Somebody told me this in a restaurant a couple of weeks ago, and I thought it was either a bad joke or a misunderstanding. I'm amazed to hear that those people really exist!

 

20 hours ago, arunadasi said:

 

I've never met anyone like this. I myself have had problems sometimes finding suitable food in restaurants; Germany used to be light years behind the rest of the Western world in this but is catching up. I used to always just order the salad plate, but without complaining. Once, though, I ordered a salad plate and they brought me: Wurstsalat!

 

 

Definitely! When I moved here, finding food in restaurants was sometimes challenging and there were hardly any veggie sausages etc. in supermarkets. Now the restaurants have more choice than before, and the supermarket choice is larger than in the UK (although the choice of flavour, not so much).

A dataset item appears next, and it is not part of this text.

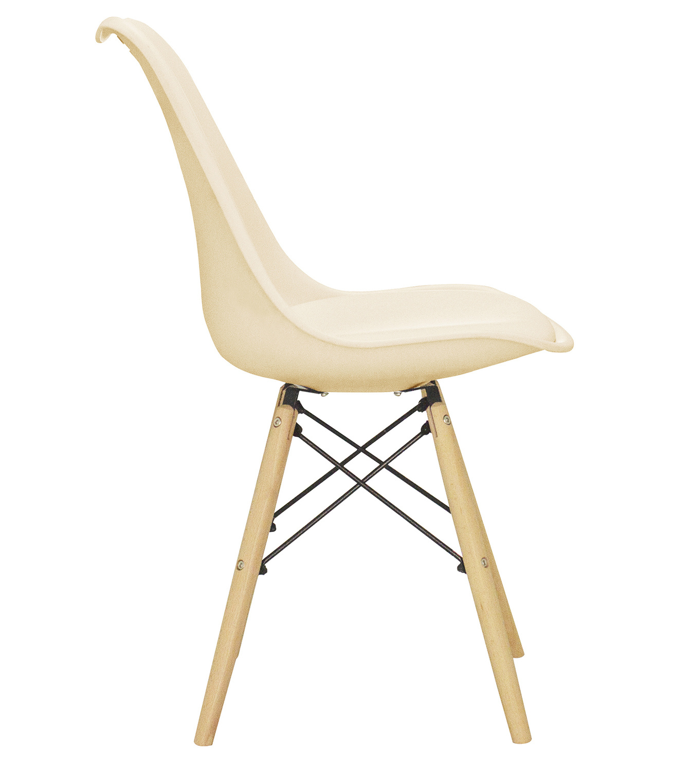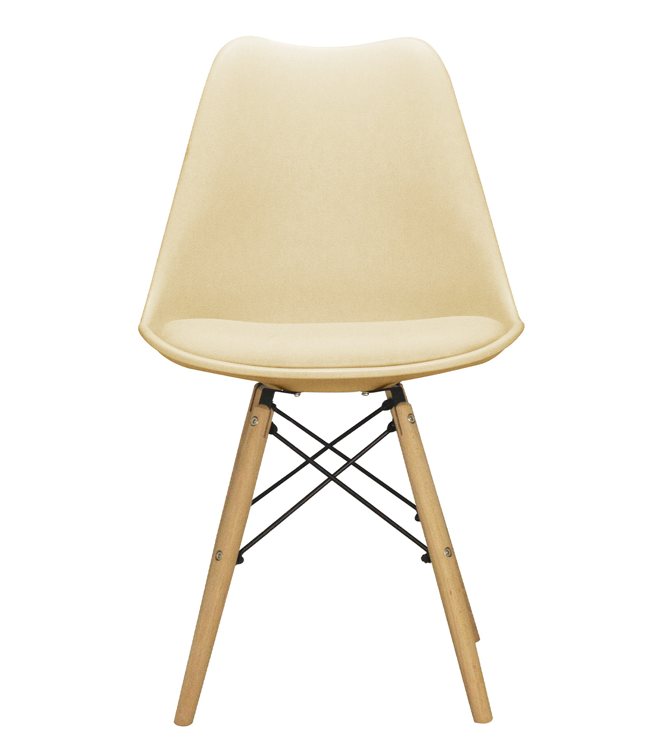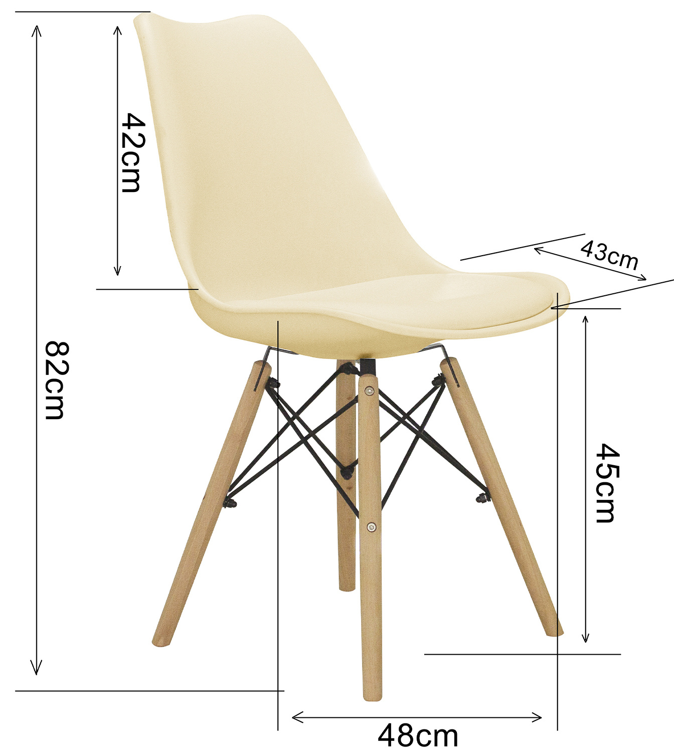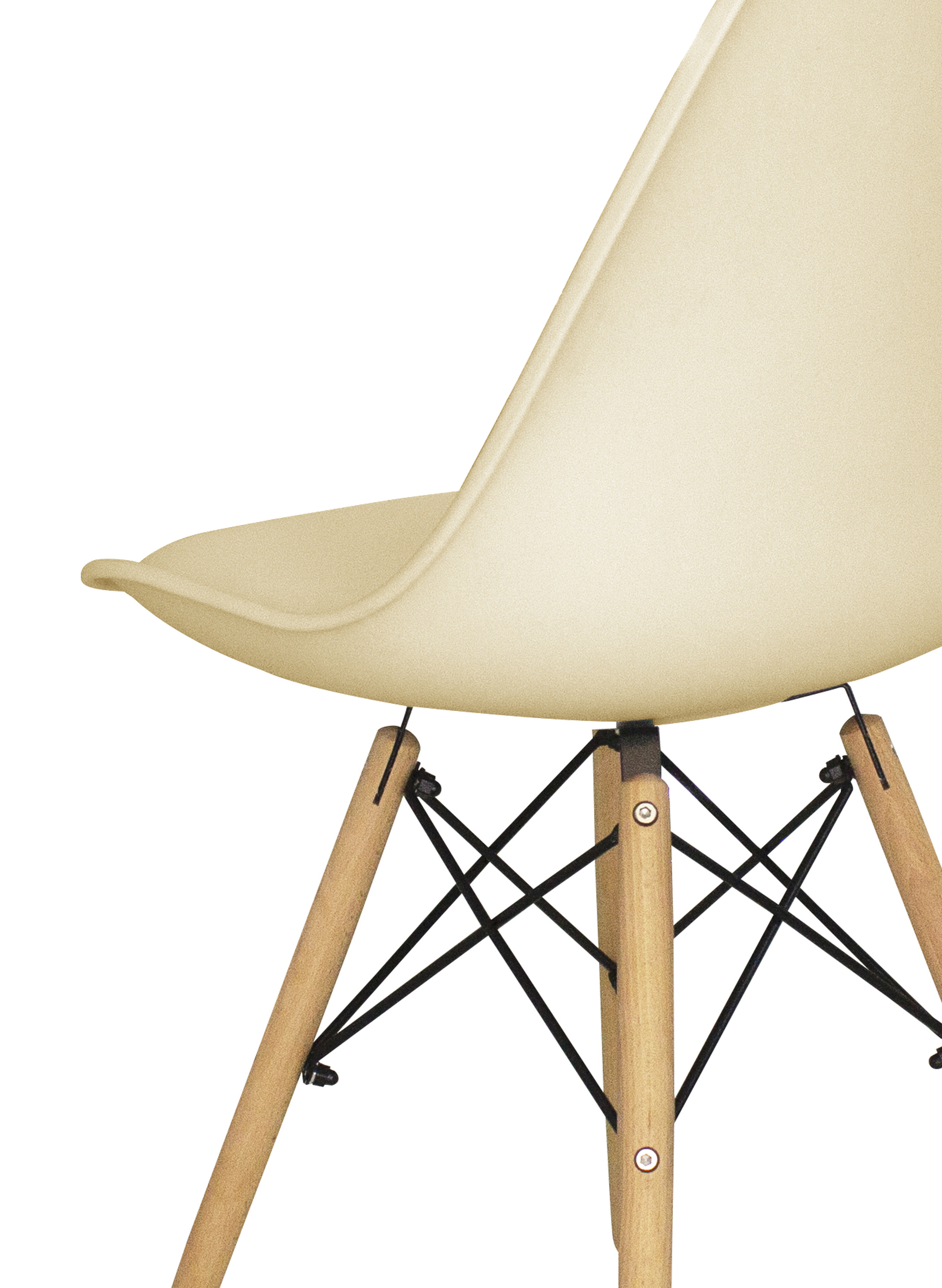 Der Stuhl ist aus hochwertigem und strapazierfähigem Polypropylen mit einem Kissen aus Kunstlederbezug in Kombination mit einem Gestell aus Buchenholz gefertigt.

There is just one restaurant I still struggle to find veggie food at. Whenever I go, I order what sounds like a veggie dish. So far, every time it has turned up exactly as described, plus Speck. I ate it anyway (I'm more flexible when I eat out, and I hate food going to waste more than any dietary choice), but I can't say I enjoyed it as much as I expected.

 

1 hour ago, Alexnf said:

 

I also buy organic eggs or from local farms to near where I live. I meant in cases the vegan knows how it was produced.

 

While one the subject eggs.

 

I also used to buy most organic that had the code 0 and tasted nice. Apparently for Code 0, free range is not a prerequisite, so a big organic farm can just have spacious farm (6 birds/sqm) and they can never see the outside of the farm in their life :

 

 

While Free range eggs (1) the birds must go out daily (but unfortunately they can feed them all the crap they want as there is no pre-requisite).

 

 

So a little research on the conditions of the organic farm is good

 

I've dug a bit deeper as a result of your post, and it seems that for eggs to be Bio the hens do have to have access to the outside, but exactly how much I'm still not sure. Your post has definitely made me think a bit more about my recent decision to buy only bio-eier, which I've always perceived as being freerange+

 

47 minutes ago, MadAxeMurderer said:

A vegetarian will consume no dead animal products. So no meat, fish, leather, silk for a vegetarian.

 

Until now, I never realised harvesting silk destroyed the silk worm. Somehow I thought it was like spiders web. Learn something new every day.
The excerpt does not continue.